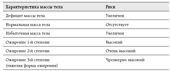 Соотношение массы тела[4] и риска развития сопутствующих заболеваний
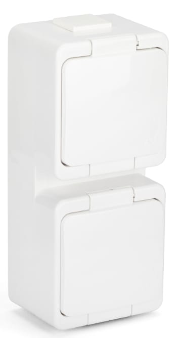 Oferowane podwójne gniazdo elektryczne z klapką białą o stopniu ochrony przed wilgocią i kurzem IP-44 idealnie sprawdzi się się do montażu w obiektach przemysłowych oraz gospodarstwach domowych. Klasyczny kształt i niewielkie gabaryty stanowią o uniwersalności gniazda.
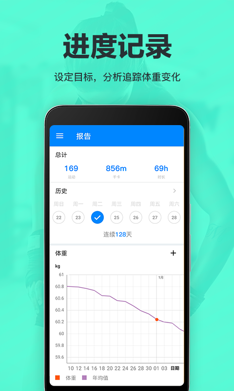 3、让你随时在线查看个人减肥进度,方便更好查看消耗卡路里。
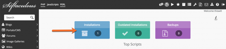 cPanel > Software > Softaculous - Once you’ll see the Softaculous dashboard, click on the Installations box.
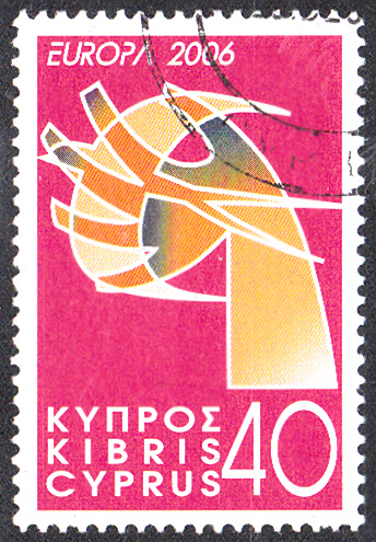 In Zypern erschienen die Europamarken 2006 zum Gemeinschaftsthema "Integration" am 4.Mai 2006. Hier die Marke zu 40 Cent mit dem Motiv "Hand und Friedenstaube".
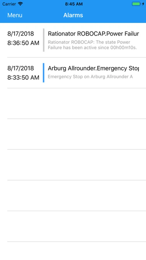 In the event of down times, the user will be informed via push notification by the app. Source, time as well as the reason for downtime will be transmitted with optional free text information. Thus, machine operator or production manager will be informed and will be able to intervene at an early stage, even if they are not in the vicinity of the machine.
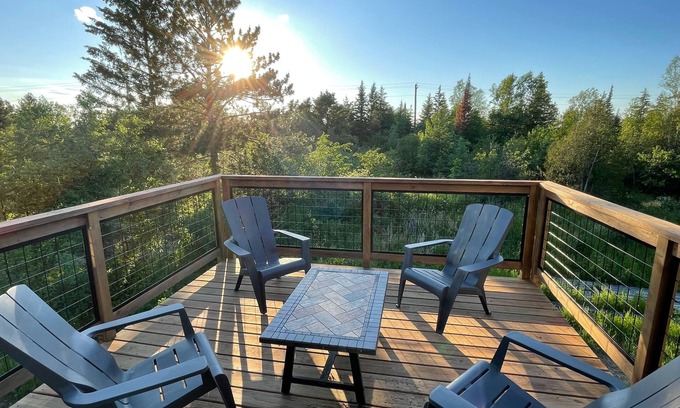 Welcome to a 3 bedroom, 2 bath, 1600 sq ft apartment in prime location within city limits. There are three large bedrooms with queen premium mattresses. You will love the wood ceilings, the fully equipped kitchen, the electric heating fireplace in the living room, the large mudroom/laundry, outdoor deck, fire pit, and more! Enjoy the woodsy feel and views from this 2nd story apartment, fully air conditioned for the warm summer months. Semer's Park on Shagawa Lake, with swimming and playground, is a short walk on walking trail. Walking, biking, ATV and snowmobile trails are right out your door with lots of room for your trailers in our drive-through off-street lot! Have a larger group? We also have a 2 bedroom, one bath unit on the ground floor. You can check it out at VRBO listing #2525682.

----

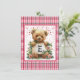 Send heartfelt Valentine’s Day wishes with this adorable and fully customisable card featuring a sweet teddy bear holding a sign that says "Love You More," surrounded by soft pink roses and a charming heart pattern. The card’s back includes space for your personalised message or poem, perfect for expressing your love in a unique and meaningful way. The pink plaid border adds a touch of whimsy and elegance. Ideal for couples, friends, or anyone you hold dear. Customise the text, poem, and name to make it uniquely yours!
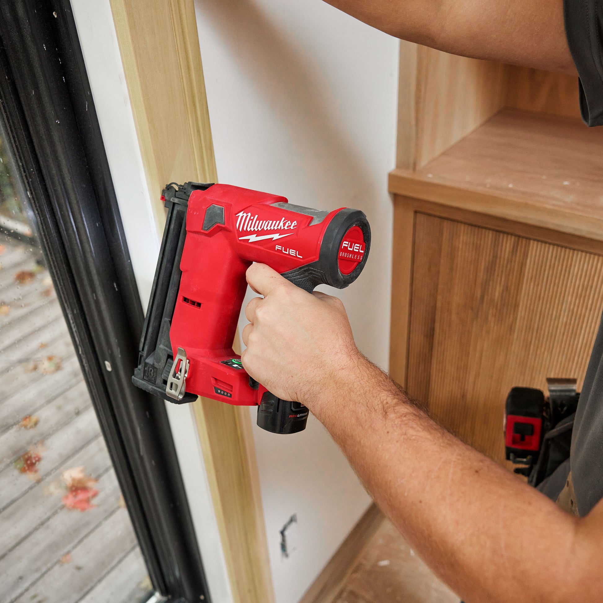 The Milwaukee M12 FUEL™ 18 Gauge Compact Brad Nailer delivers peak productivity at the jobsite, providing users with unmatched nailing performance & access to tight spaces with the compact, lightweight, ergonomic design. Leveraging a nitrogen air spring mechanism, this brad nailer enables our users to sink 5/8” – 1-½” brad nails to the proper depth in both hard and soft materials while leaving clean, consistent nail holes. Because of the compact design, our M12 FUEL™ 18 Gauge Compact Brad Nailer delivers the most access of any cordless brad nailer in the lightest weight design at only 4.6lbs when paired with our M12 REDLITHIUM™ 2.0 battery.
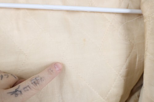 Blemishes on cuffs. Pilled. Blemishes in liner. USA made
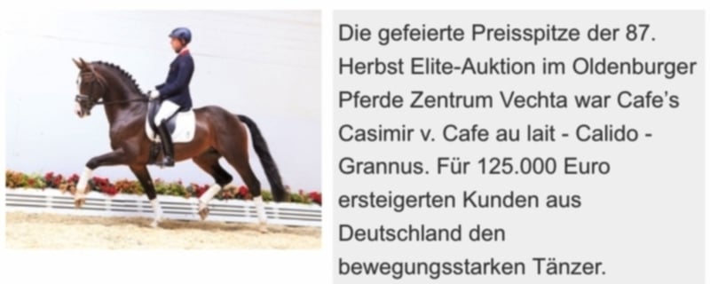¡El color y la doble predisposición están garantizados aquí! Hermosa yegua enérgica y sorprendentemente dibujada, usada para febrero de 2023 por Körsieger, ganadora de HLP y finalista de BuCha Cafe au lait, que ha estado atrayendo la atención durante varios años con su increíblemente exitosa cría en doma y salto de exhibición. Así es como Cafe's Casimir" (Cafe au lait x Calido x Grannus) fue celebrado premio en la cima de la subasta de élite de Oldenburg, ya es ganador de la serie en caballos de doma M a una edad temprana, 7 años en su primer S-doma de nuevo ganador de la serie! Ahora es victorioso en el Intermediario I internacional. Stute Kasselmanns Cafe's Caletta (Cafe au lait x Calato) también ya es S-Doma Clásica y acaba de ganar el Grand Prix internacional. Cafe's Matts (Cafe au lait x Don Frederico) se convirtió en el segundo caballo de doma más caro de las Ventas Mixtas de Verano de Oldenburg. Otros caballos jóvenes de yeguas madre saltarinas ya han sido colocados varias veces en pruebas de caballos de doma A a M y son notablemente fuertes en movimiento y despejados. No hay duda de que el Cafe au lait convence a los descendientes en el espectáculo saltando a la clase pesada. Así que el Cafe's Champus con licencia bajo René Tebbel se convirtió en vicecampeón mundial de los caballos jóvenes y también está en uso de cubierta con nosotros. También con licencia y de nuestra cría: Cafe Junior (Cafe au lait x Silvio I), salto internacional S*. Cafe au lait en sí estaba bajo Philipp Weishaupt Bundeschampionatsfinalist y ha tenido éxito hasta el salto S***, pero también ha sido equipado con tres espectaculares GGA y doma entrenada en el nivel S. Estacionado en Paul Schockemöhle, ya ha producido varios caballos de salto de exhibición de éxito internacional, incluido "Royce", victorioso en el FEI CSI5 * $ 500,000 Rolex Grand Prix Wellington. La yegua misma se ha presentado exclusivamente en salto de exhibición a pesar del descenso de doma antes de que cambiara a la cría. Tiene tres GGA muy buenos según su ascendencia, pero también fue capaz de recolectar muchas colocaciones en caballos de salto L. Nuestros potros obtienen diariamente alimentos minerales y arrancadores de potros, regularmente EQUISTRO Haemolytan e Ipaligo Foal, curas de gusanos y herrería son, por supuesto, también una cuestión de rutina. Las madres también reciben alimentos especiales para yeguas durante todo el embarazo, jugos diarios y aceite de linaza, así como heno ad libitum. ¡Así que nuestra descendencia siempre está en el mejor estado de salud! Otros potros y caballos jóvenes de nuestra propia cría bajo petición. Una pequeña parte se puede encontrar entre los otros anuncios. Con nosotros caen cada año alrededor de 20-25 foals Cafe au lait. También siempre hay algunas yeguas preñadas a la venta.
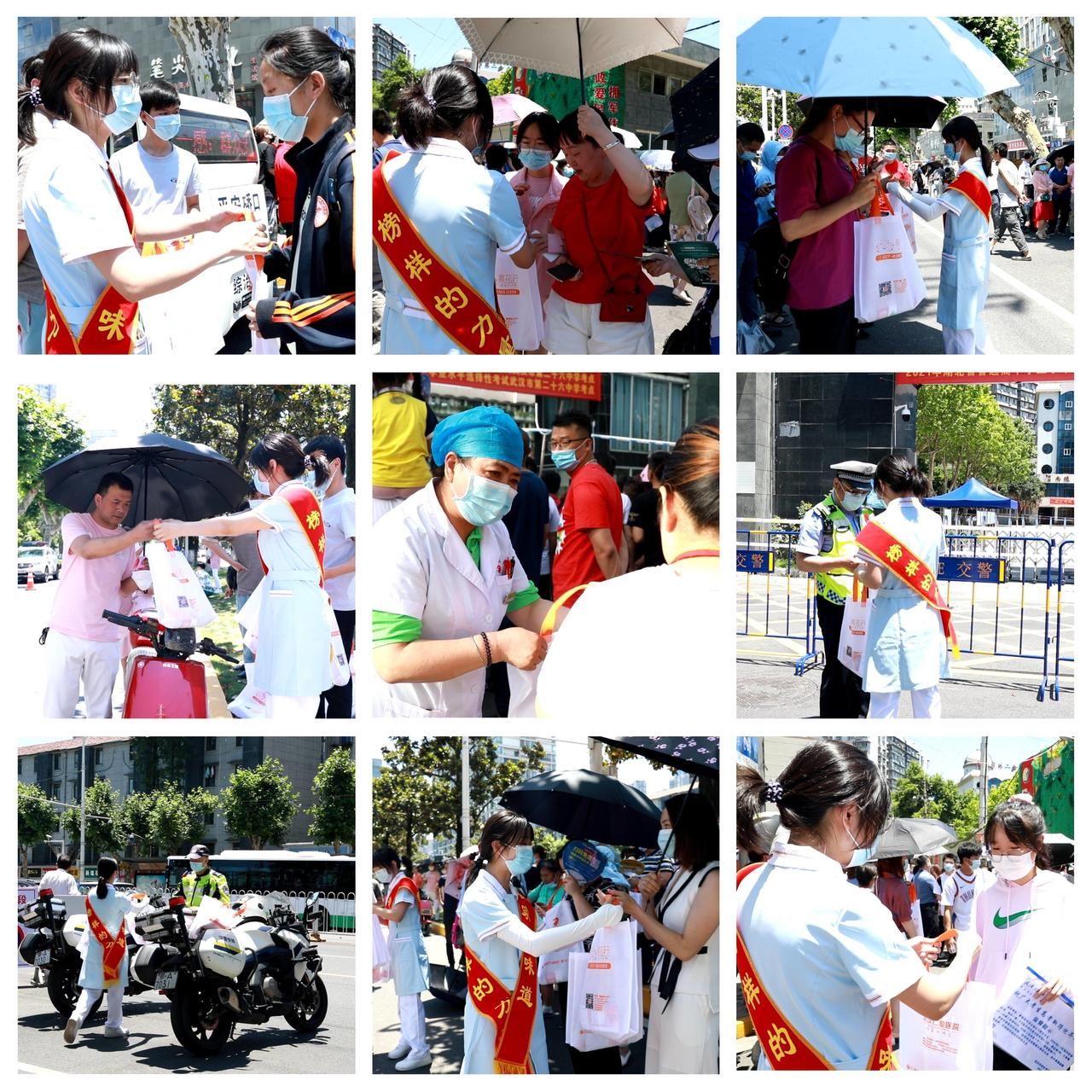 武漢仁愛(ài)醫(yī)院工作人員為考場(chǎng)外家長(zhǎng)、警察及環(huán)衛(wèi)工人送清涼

----

REQUIRED WORK: Set down again, word for word, every line from the one with "Соотношение массы тела[4]" to the one with "In Zypern erschienen" in the entries above, and omit the pictures.

YOUR SOLUTION:
 Соотношение массы тела[4] и риска развития сопутствующих заболеваний
 Oferowane podwójne gniazdo elektryczne z klapką białą o stopniu ochrony przed wilgocią i kurzem IP-44 idealnie sprawdzi się się do montażu w obiektach przemysłowych oraz gospodarstwach domowych. Klasyczny kształt i niewielkie gabaryty stanowią o uniwersalności gniazda.
 3、让你随时在线查看个人减肥进度,方便更好查看消耗卡路里。
 cPanel > Software > Softaculous - Once you’ll see the Softaculous dashboard, click on the Installations box.
 In Zypern erschienen die Europamarken 2006 zum Gemeinschaftsthema "Integration" am 4.Mai 2006. Hier die Marke zu 40 Cent mit dem Motiv "Hand und Friedenstaube".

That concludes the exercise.